# MK 1 ejection problems



## joelh (Feb 18, 2010)

Dad gave me his MK 1 (actually a standard, I think) and I fired it yesterday for the first time. The 9 cartridges that he had in the Mag fired and ejected just fine. Once I switched to a new box of ammo (federal) I had problems with the gun not ejection the spent round. It would eject every once in a while, but for the most part, I had to slide the bolt after every shot.

I broke the gun down and cleaned it (not quite as bad as I had feared) and have not had the chance to fire it since. Does it sound like a cleaning issue, or should I look for a shop to check it out?


----------



## rccola712 (Aug 26, 2008)

I wouldn't be surprised if it's an ammo issue. I would try several different different brands and see what feeds through your gun best. It seems that .22 pistols are pretty finicky with ammo.


----------



## BeefyBeefo (Jan 30, 2008)

It's too early to determine anything.

My MKII is not picky with ammo at all, but that doesn't mean yours isn't. I practically never clean mine either, and that's with multiple boxes of rounds through it with no issues. Again, that doesn't mean your experience will be the same.
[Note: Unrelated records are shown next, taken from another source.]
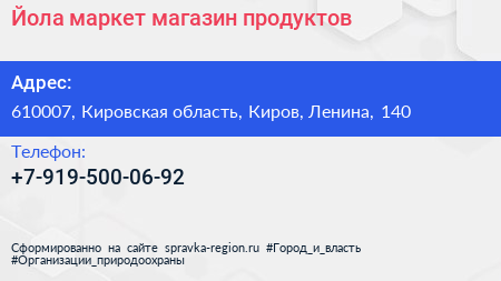 Йола-маркет, магазин продуктов по адресу 610007, Кировская область, Киров, Ленина, 140 в дальнейшем Организация, размещена в следующих категориях: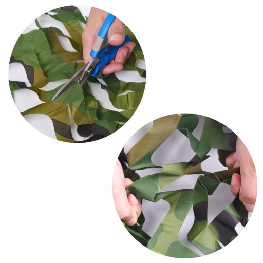 Маскувальна сітка фіксується нейлоновою мотузкою. Краї маскувальної сітки ми прошили та зміцнили, тому камуфляжна сітка має довший термін служби та зручніша у використанні.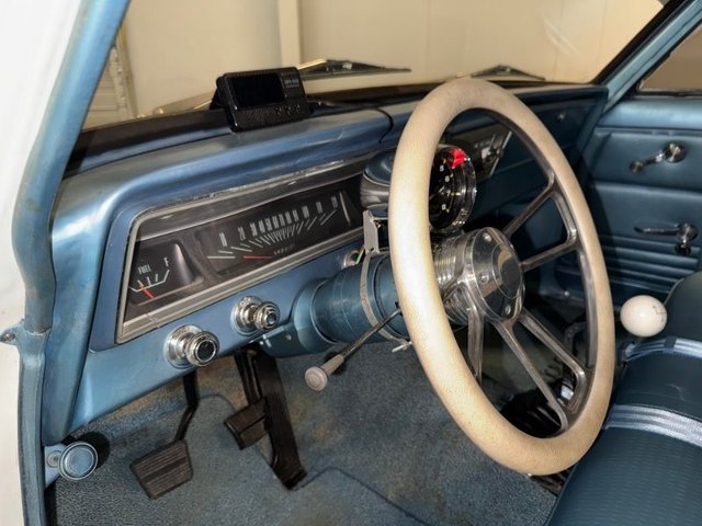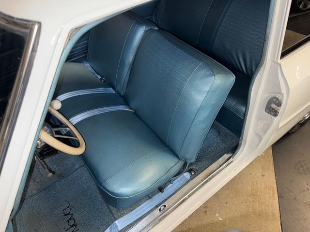 Light blue interior on a bench seat that looks good. The door and back panels are like new. Dash is painted light blue with factory cluster and speedometer and fuel gauge. Factory AM radio in dash. Bosch gauges temp-oil-volts on white face mounted in stainless cluster mounted under the dash. Auto gauge Tach black face, mounted on steering column. Billet Specialties half wrapped steering wheel in white leather. Hurst 4-speed shifter and boot new. Light Blue headliner is like new. Light Blue carpet with matching floor mats and Nova logo that look good. Kick panels are good. Door handles and window cranks and door locks like new. Light Blue seat belts are new. Door sill plates like new. Light blue package tray is like new. Carpeted trunk light blue. Spare tire-jack. Looks really nice inside.

I wouldn't worry about it until you shoot it since the cleaning/lubing and try a few different ammos.

Report back after you've done these things...


----------



## joelh (Feb 18, 2010)

Just got back from the range. I bought a box of high velocity cartridges and they performed fine. I guess the gun needs a bit more umph to actuate the bolt. Upside is that now I know how to take down and put the gun back together


----------